### What is being asked
Repeat exactly the lines running from the first line of the data to the line containing "Ein PKW Lenker", both ends included, and nothing else; drop the pictures.

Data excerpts
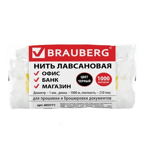 Нить лавсановая для прошивки документов, ЧЕРНАЯ, диаметр 1 мм, длина 1000 м, ЛШ 210ч, BRAUBERG, 603771
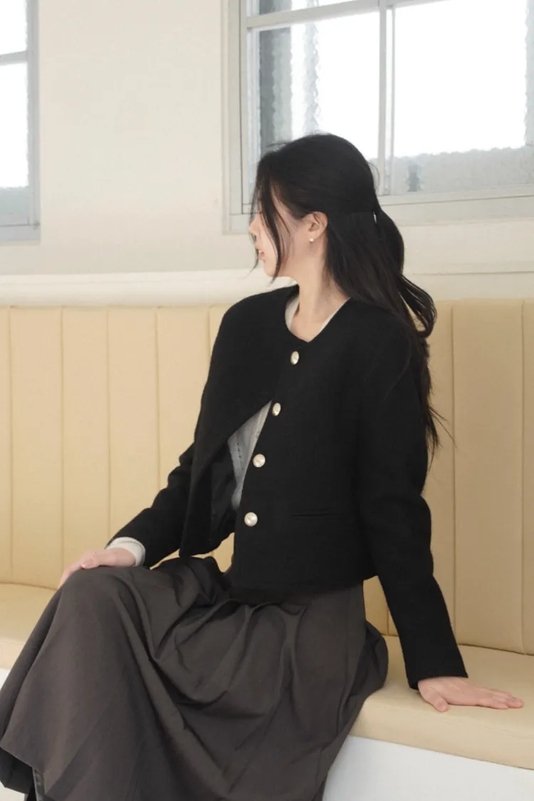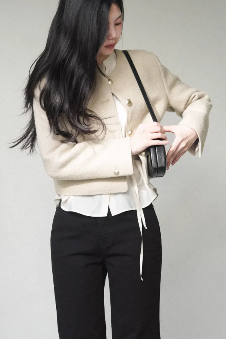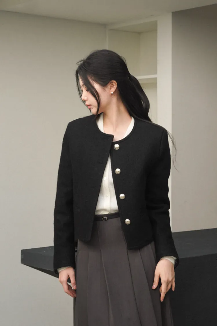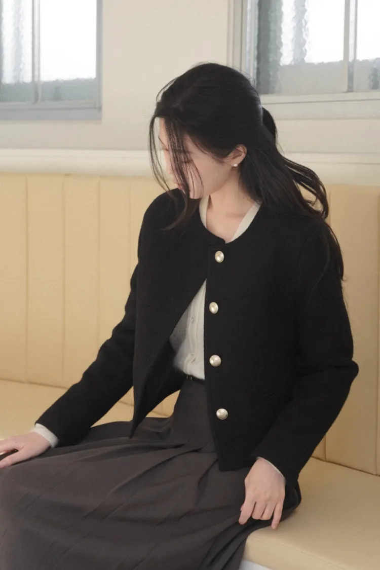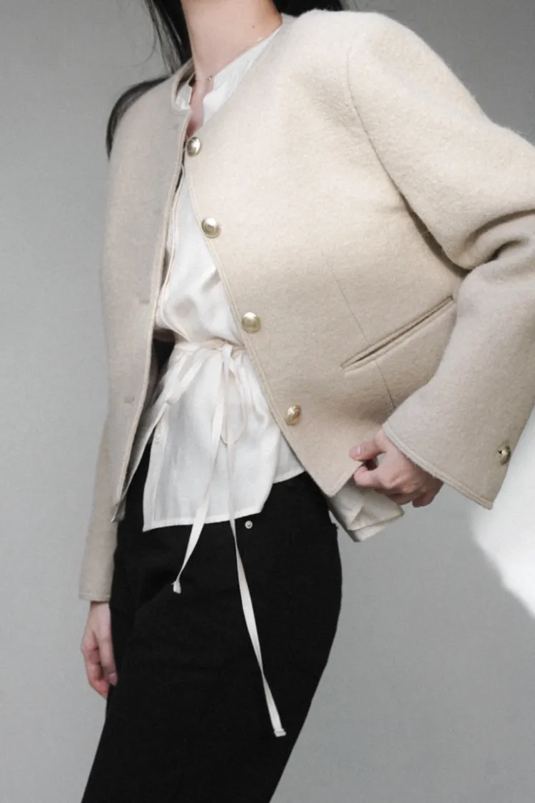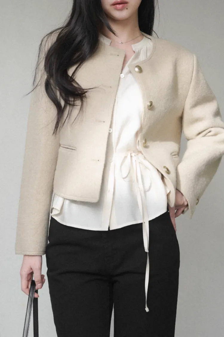 26-02H209高質感羊駝毛小香風金屬釦外套
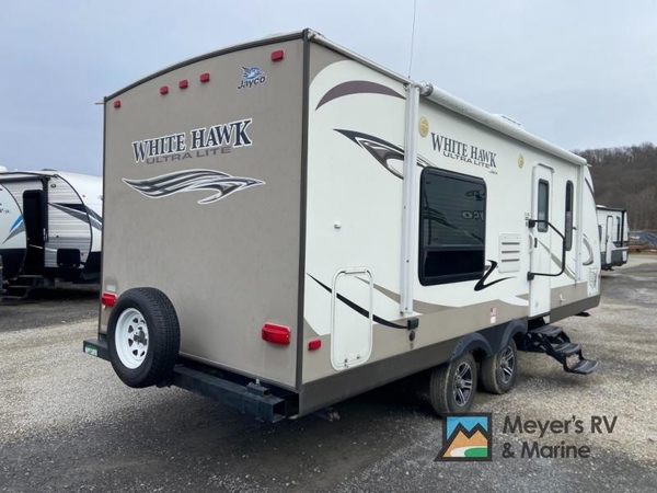 The White Hawk 24RBS travel trailer by Jayco offers a rear bath with a single slide.
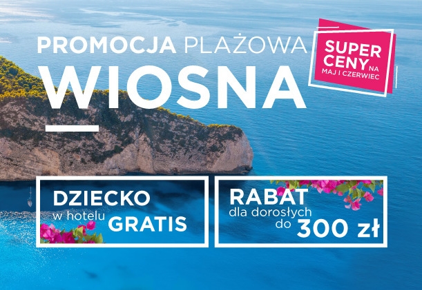Grecos ruszył z promocją „Plażowa Wiosna”. W wybranych hotelach klienci mogą zyskać do 300 zł rabatu na dorosłego oraz darmowy pobyt dla dziecka. Promocja obowiązuje na wyloty od 6 maja do 15 czerwca 2019.
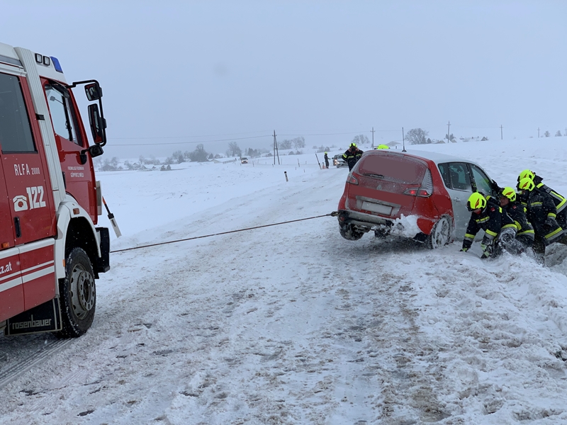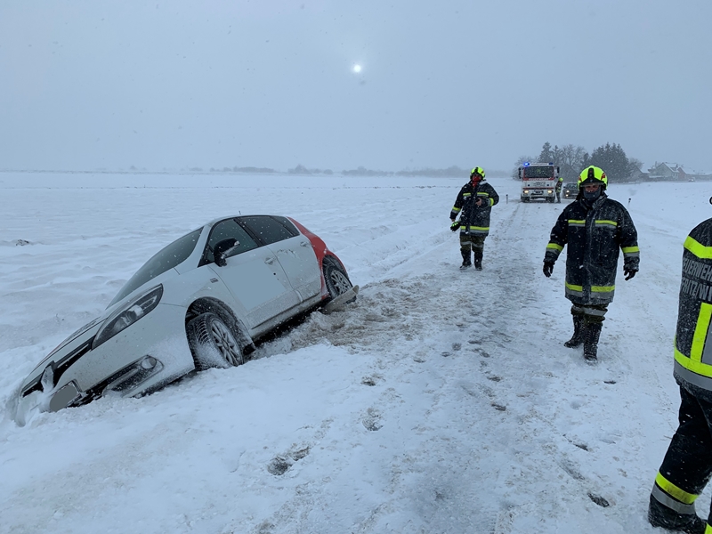 Ein PKW Lenker kam auf der schneeglatten Fahrbahn - trotz geringer Geschwindigkeit - bei Gegenverkehr von der Straße ab und blieb im Graben stecken.
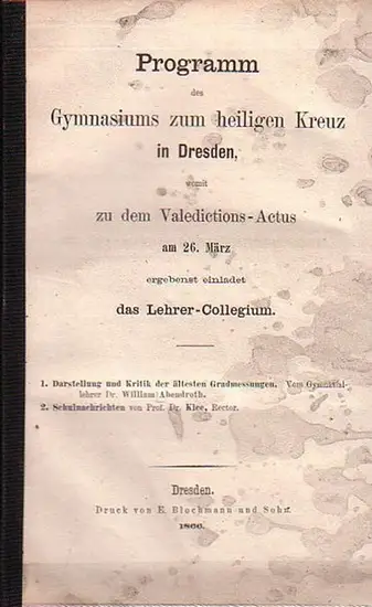 Abendroth, William / Klee, Prof. Dr: Programm des Gymnasiums zum heiligen Kreuz in Dresden womit zu dem Valedictions-Actus am 26. März ergebenst einladet das Lehrer-Collegium. 1. Darstellung und Kritik der ältesten Gradmessungen von Gymnasiallehrer Dr.W.
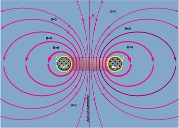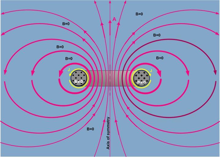 Keywords: Magnetic Vector Potential Circular Toroid.png en Representing the Magnetic Vector Potential A magnetic flux B and current density j fields around a toroidal inductor of circular cross section Thicker lines indicate contours of higher average intensity Circles in cross section of the core represent B flux coming out of the picture Plus signs on the other cross sectoion of the core represent B flux going into the picture One path is darker to serve as an example of one turn secondary own Constant314 2012-05-28 physics Magnetism diagrams Electromagnetics Electrodynamics Cc-zero |
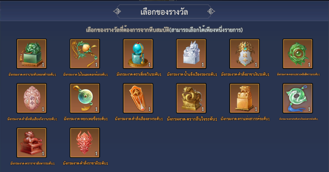 ไอเทมที่เลือกได้จากกล่อง “หีบเลือกตราทหารมังกรผงาด”
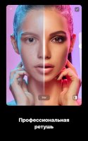 After launching the program, the utility will issue a request for access to the camera of the mobile device. In order to be able to use all the options of the program, you need to give the software this access. After that, you can start working with the program. In the process of shooting a video or photo, you need to position the device in such a way that the person's face is placed in the frame on the screen. The software allows you to use one of the available filters. Thus, you can remove wrinkles, or pimples in just a few seconds. There is an option to add light makeup. And changing the skin color of the face. In addition to filters to transform photos and videos, users can take advantage of various interesting effects. For example, to age a person, or transform his face into one of the popular cartoon characters. After processing the materials, the photo or video can be saved in the memory of your device.Retouch
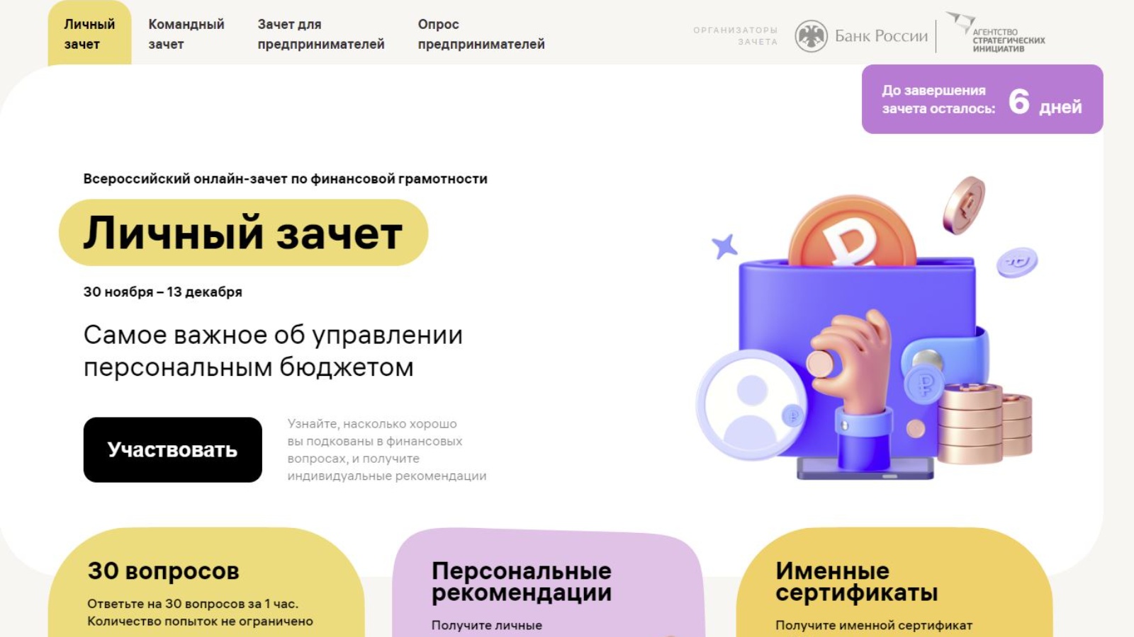 Повышение финансовой грамотности в настоящее время является одной из приоритетных задач органов власти. От принятия населением и бизнесом взвешенных и грамотных финансовых решений, снижения рисков мошеннических действий в конечном итоге зависит и развитие экономики в целом. Важность реализации комплекса мер по финансовому просвещению отражена и в Ежегодном послании Президента Республики Татарстан Государственному Совету Республики Татарстан о внутреннем и внешнем положении республики (от 8 октября 2021 года). С целью оценки уровня финансовых знаний и привлечения внимания к важности вопросов повышения финансовой грамотности ежегодно при поддержке Агентства стратегических инициатив проводится Всероссийский онлайн-зачет по финансовой грамотности. В прошлом году Республика Татарстан заняла первое место в Российской Федерации, показав максимальную активность как среди населения (более 90 тысяч человек), так и предприятий (порядка 2 300 субъектов МСП). В этом году финансовый зачет проводится в период с 30 ноября по 16 декабря. Количество попыток сдачи теста не ограничено. При успешной сдаче участники получат именной сертификат. Впервые предусмотрена возможность пройти зачет не только индивидуально, но и попробовать свои силы в командном соревновании. Пройти зачет можно на сайте finzachet2021.ru. Дополнительно будет проходить опрос субъектов малого и среднего предпринимательства относительно востребованности финансовых услуг и удовлетворенности ими.
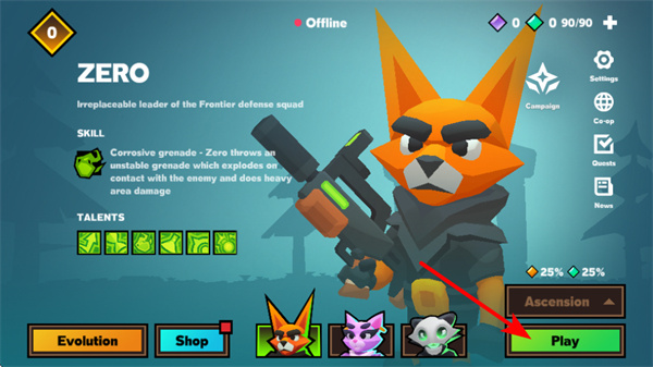 1、選擇角色投身戰(zhàn)斗,角色選擇是開啟冒險(xiǎn)的關(guān)鍵操作,點(diǎn)擊play開啟探險(xiǎn),開啟敵人消滅資源收集之旅。
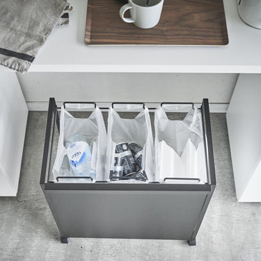 You can sort items such as bottles, cans, and plastic bottles. You can use it by hooking on shopping bags from your local convenience store or supermarket. It comes with casters, making it easy to remove bags and move it around when cleaning.
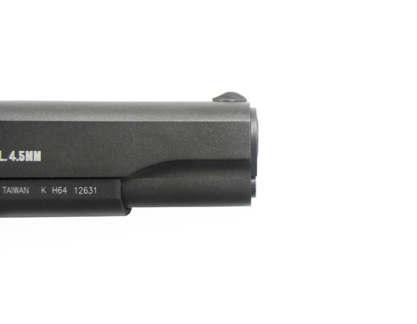 Наверное, это самая точная копия Colt 1911 в линейке этого производителя. Форма пневматического пистолета Smersh H64 досконально повторяет дизайн своего прототипа. Модель полностью сделана из метала, за исключением лишь пластмассовых "щечек" рукоятки. Эти детали вносят дополнительное удобство в процесс поражения мишеней. Пистолет повторяет оригинал в точности вплоть до каждой детали. Smersh H64 оборудован системой blowback, которая, за счет очень тяжелого затвора, имитирует довольно сильную отдачу. Неполная разборка этой модели так же в точности повторяет разборку огнестрельного прототипа. Вся конструкция реплики сделана из качественного металла, чем объясняется большой вес - почти килограмм, как и оригинального оружия. Вместительный магазин на 19 шариков, а также мощность выстрела обеспечивают этой пневматике не только идеальное сходство, но и вполне достойные своего прообраза стрелковые характеристики. Smersh H64 обладает хорошей прицельной дальностью и кучностью попадания. Для Екатеринбурга:
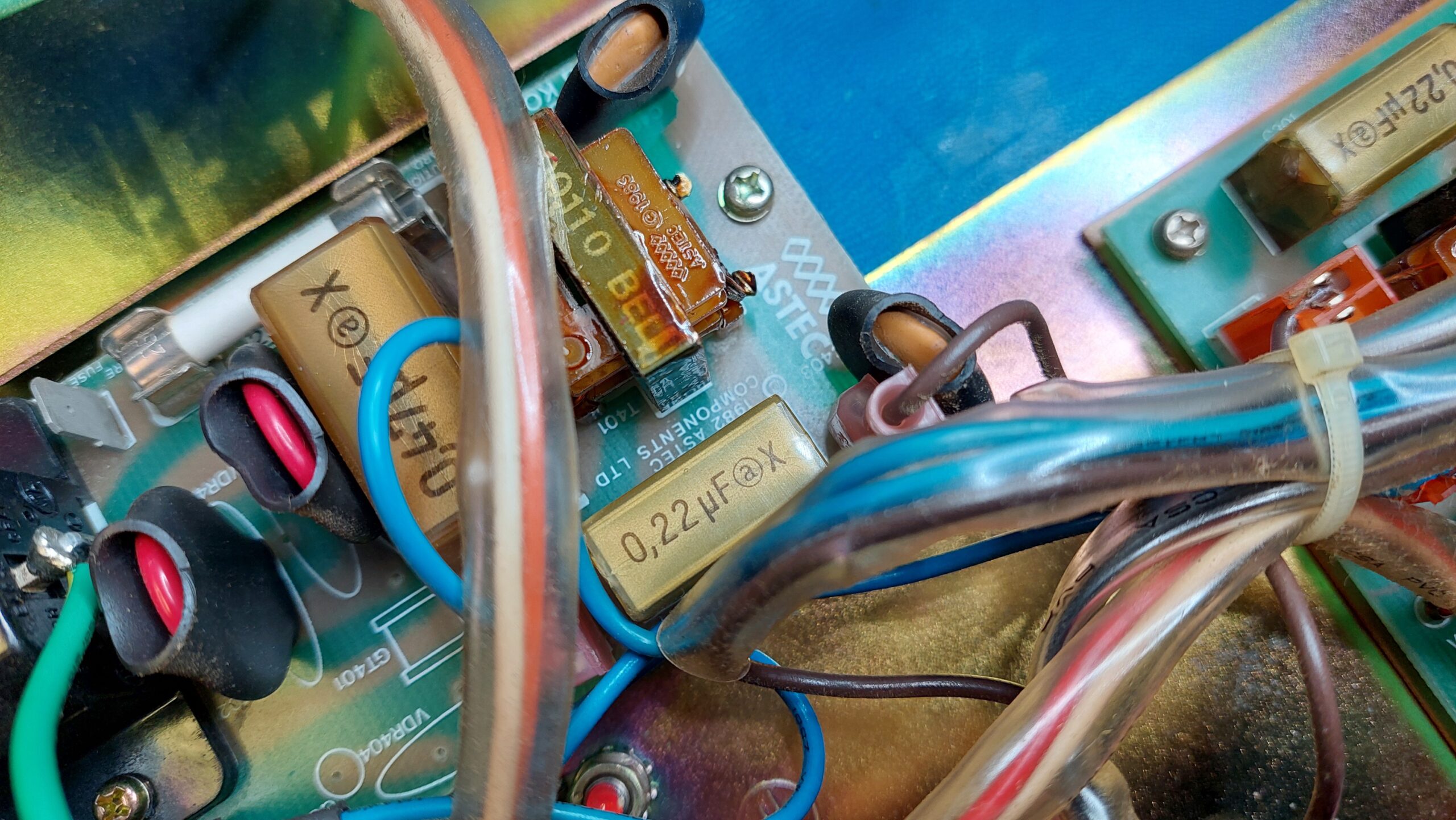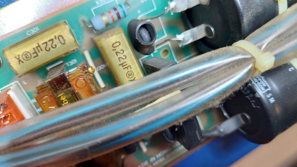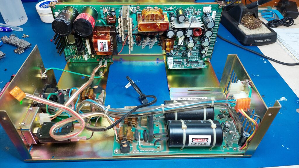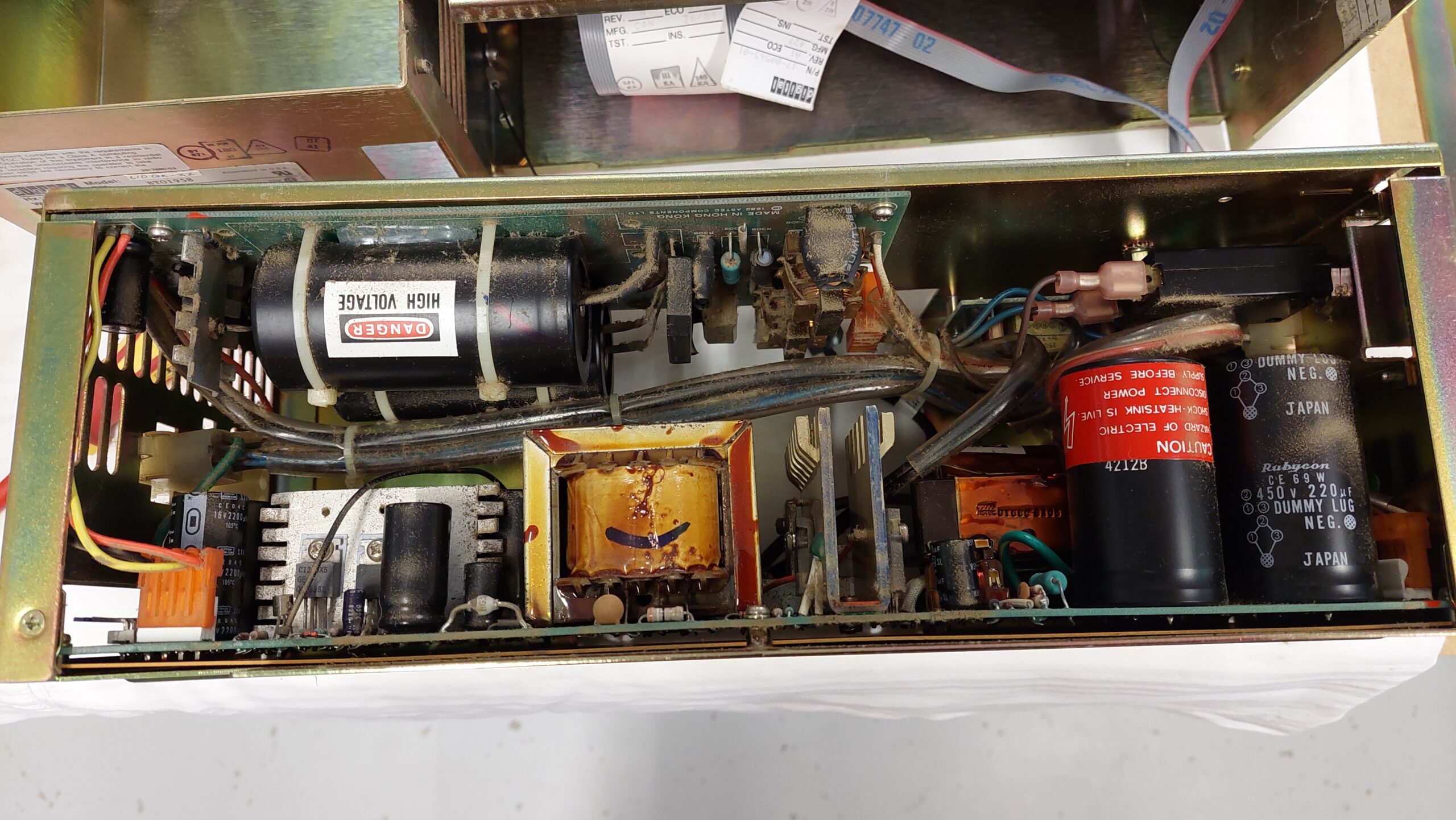 A few screws and some cable disconnections and the power supply is out. There are 4 RIFA line filtering capacitors and they are cracked as expected. There are no obvious issues with any other companents.

### Exercise result
 Нить лавсановая для прошивки документов, ЧЕРНАЯ, диаметр 1 мм, длина 1000 м, ЛШ 210ч, BRAUBERG, 603771
 26-02H209高質感羊駝毛小香風金屬釦外套
 The White Hawk 24RBS travel trailer by Jayco offers a rear bath with a single slide.
Grecos ruszył z promocją „Plażowa Wiosna”. W wybranych hotelach klienci mogą zyskać do 300 zł rabatu na dorosłego oraz darmowy pobyt dla dziecka. Promocja obowiązuje na wyloty od 6 maja do 15 czerwca 2019.
 Ein PKW Lenker kam auf der schneeglatten Fahrbahn - trotz geringer Geschwindigkeit - bei Gegenverkehr von der Straße ab und blieb im Graben stecken.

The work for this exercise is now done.